> TASK OBJECTIVE:
Only the pictures are to be dropped, and the rest of the data should be copied exactly.

> Collection entries:
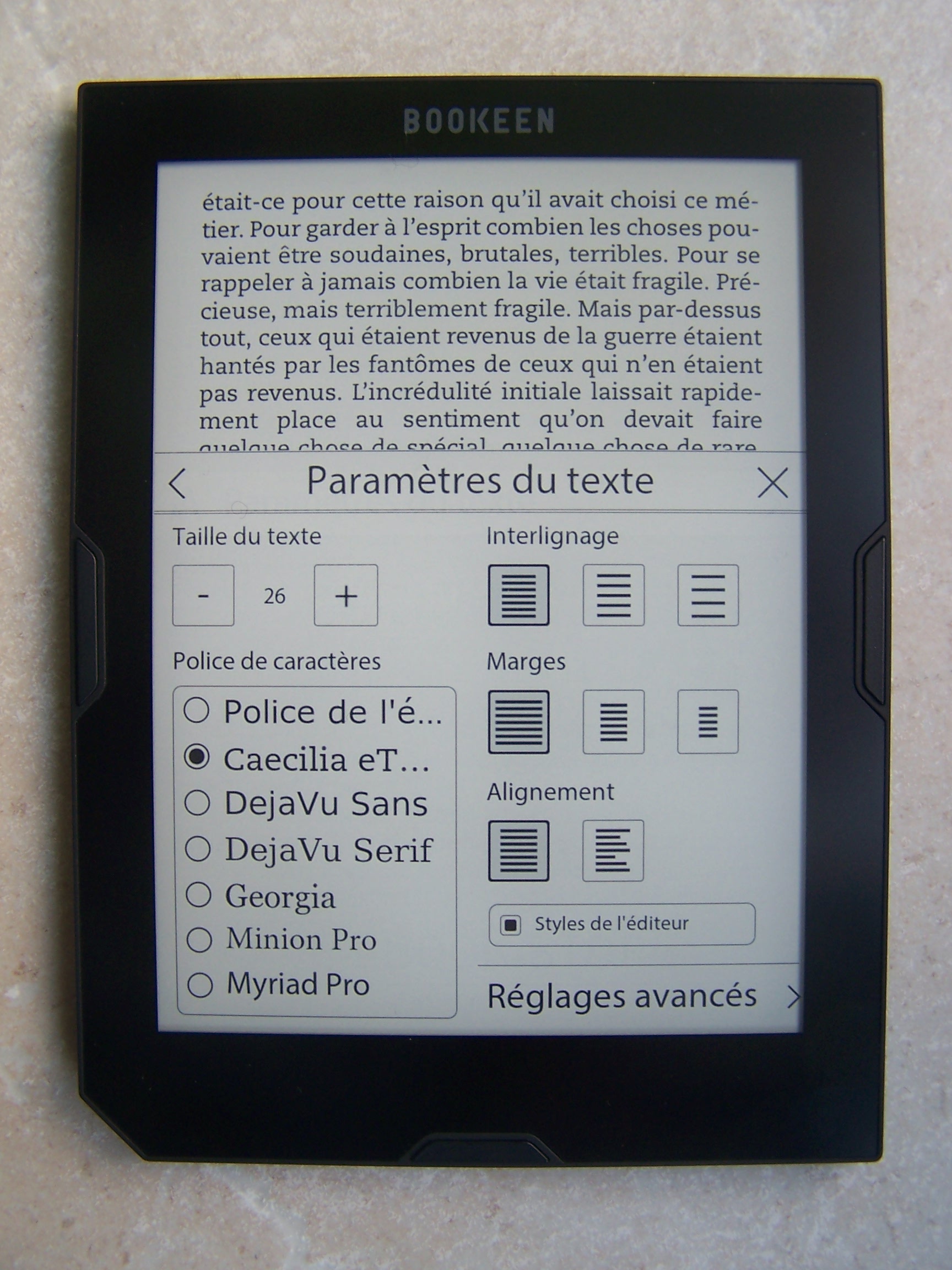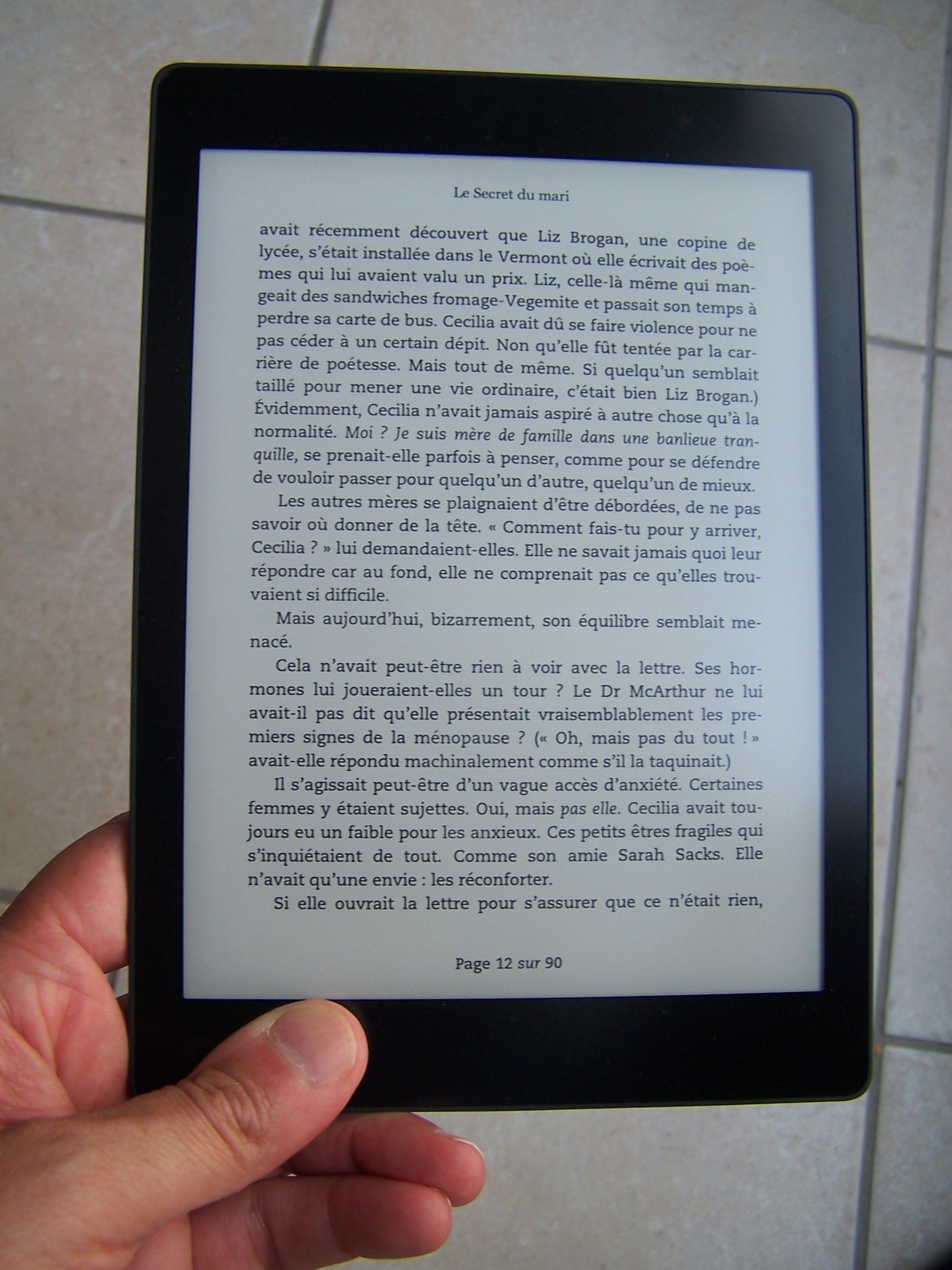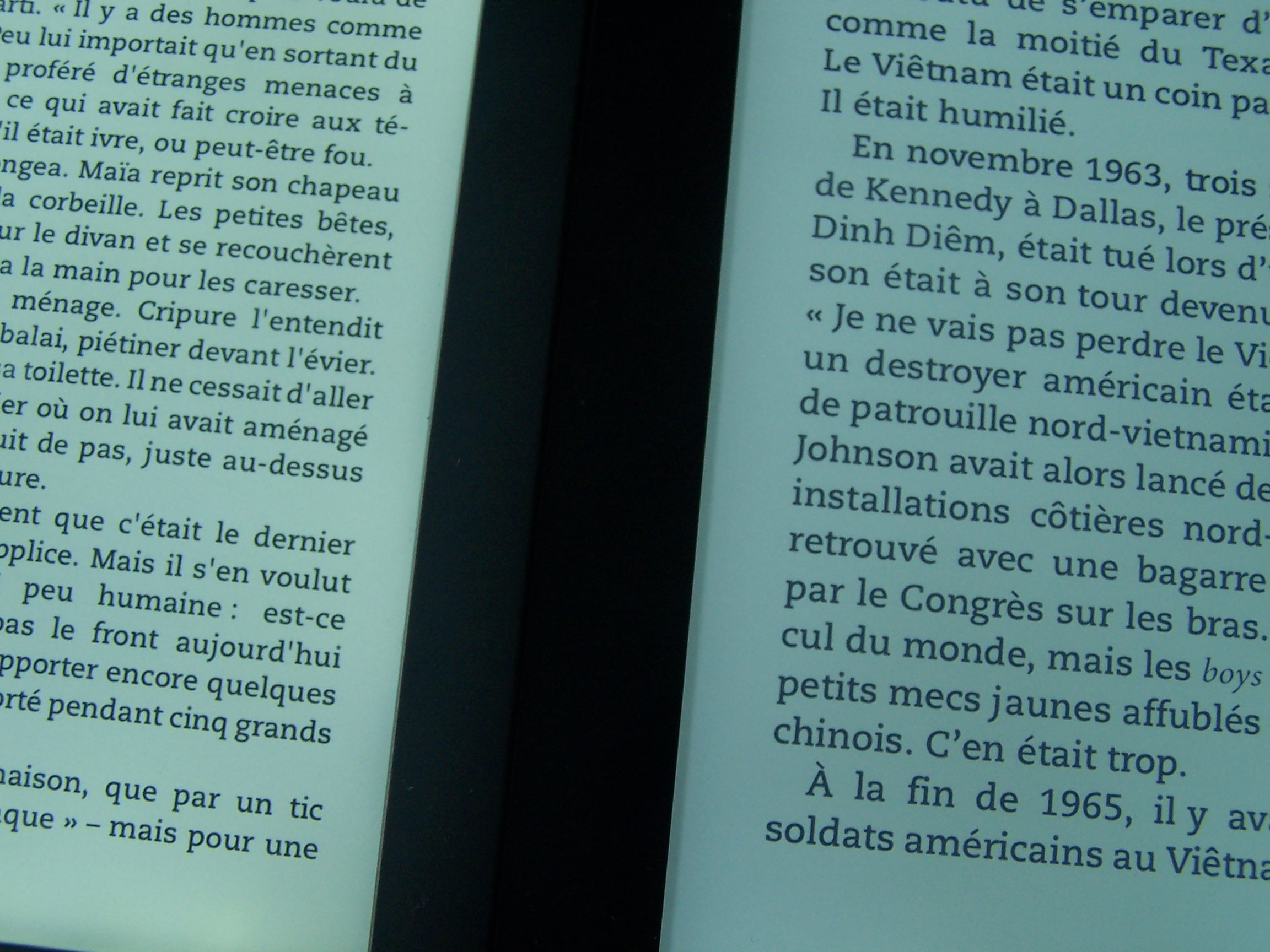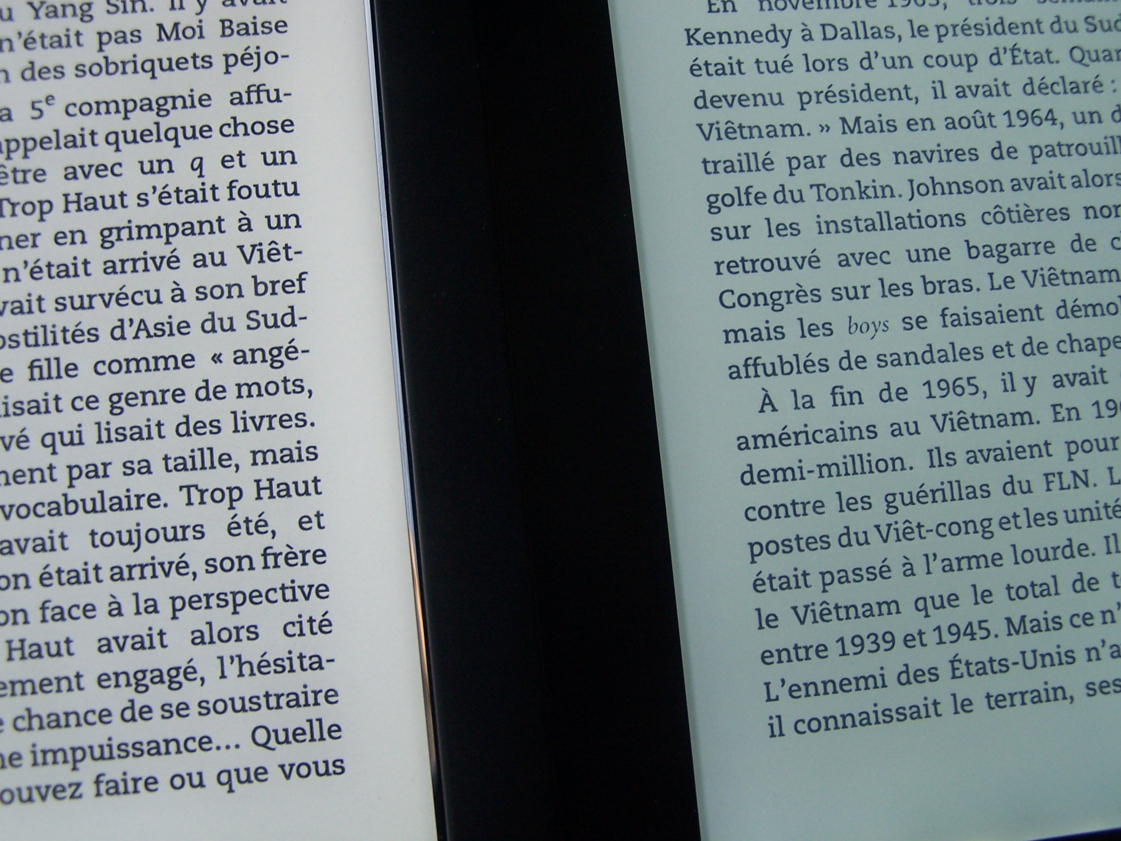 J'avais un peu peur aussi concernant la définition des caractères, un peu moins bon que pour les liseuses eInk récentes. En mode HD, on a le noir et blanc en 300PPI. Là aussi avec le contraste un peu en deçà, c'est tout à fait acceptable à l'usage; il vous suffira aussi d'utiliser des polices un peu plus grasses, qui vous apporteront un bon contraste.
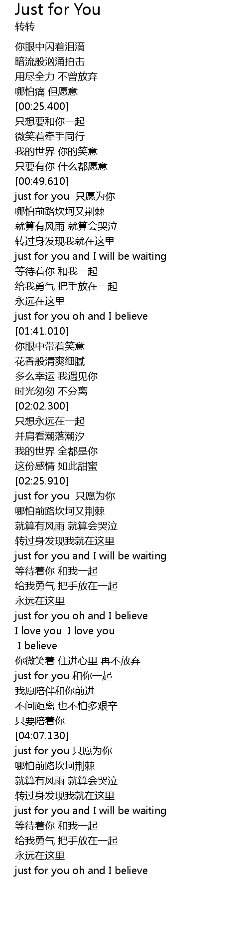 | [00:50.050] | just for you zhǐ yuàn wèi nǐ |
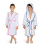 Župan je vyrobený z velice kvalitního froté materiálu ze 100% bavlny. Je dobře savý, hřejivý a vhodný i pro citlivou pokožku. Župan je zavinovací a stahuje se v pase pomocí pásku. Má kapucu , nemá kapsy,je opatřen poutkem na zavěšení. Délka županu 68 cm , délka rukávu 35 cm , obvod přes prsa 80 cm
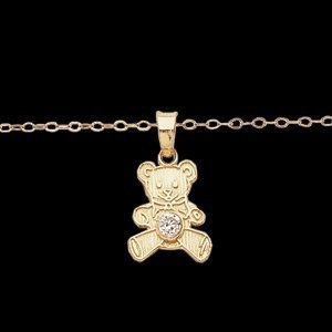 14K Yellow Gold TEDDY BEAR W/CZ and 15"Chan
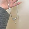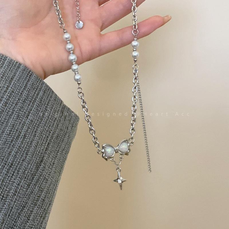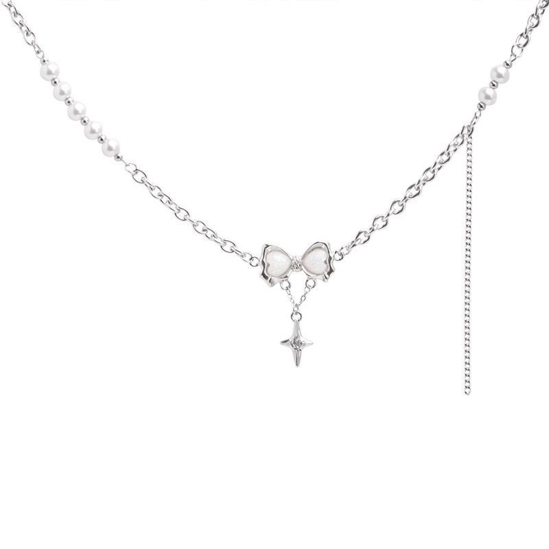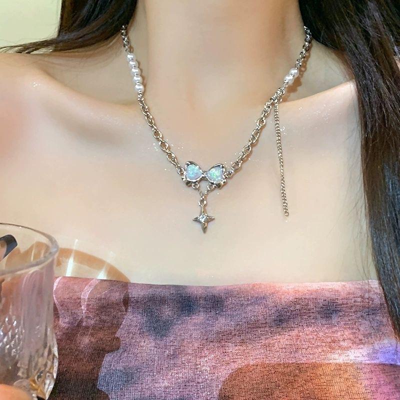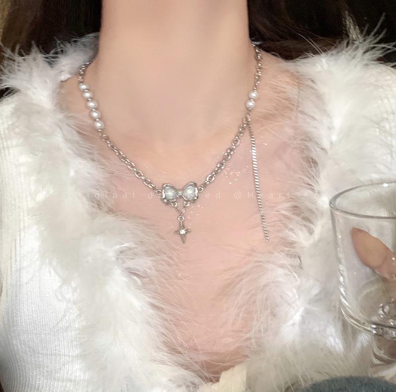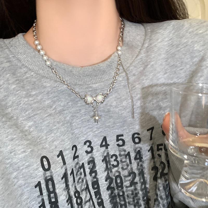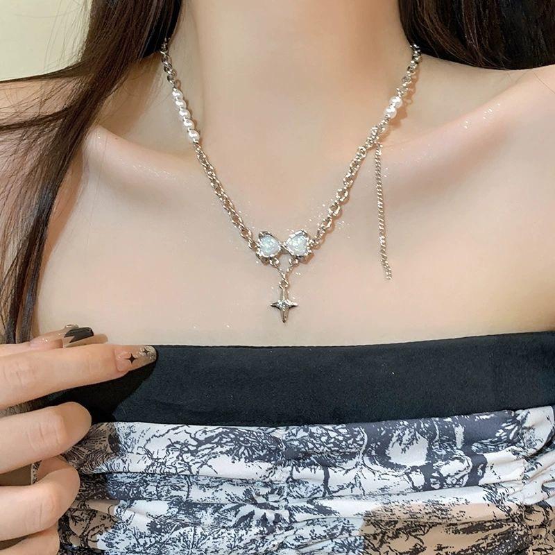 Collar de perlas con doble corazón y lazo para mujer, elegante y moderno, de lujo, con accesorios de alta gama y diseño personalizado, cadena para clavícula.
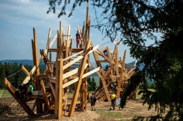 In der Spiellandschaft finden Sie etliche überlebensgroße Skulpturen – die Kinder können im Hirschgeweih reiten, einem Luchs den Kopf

> EXERCISE SOLUTION:
 J'avais un peu peur aussi concernant la définition des caractères, un peu moins bon que pour les liseuses eInk récentes. En mode HD, on a le noir et blanc en 300PPI. Là aussi avec le contraste un peu en deçà, c'est tout à fait acceptable à l'usage; il vous suffira aussi d'utiliser des polices un peu plus grasses, qui vous apporteront un bon contraste.
 | [00:50.050] | just for you zhǐ yuàn wèi nǐ |
 Župan je vyrobený z velice kvalitního froté materiálu ze 100% bavlny. Je dobře savý, hřejivý a vhodný i pro citlivou pokožku. Župan je zavinovací a stahuje se v pase pomocí pásku. Má kapucu , nemá kapsy,je opatřen poutkem na zavěšení. Délka županu 68 cm , délka rukávu 35 cm , obvod přes prsa 80 cm
 14K Yellow Gold TEDDY BEAR W/CZ and 15"Chan
 Collar de perlas con doble corazón y lazo para mujer, elegante y moderno, de lujo, con accesorios de alta gama y diseño personalizado, cadena para clavícula.
 In der Spiellandschaft finden Sie etliche überlebensgroße Skulpturen – die Kinder können im Hirschgeweih reiten, einem Luchs den Kopf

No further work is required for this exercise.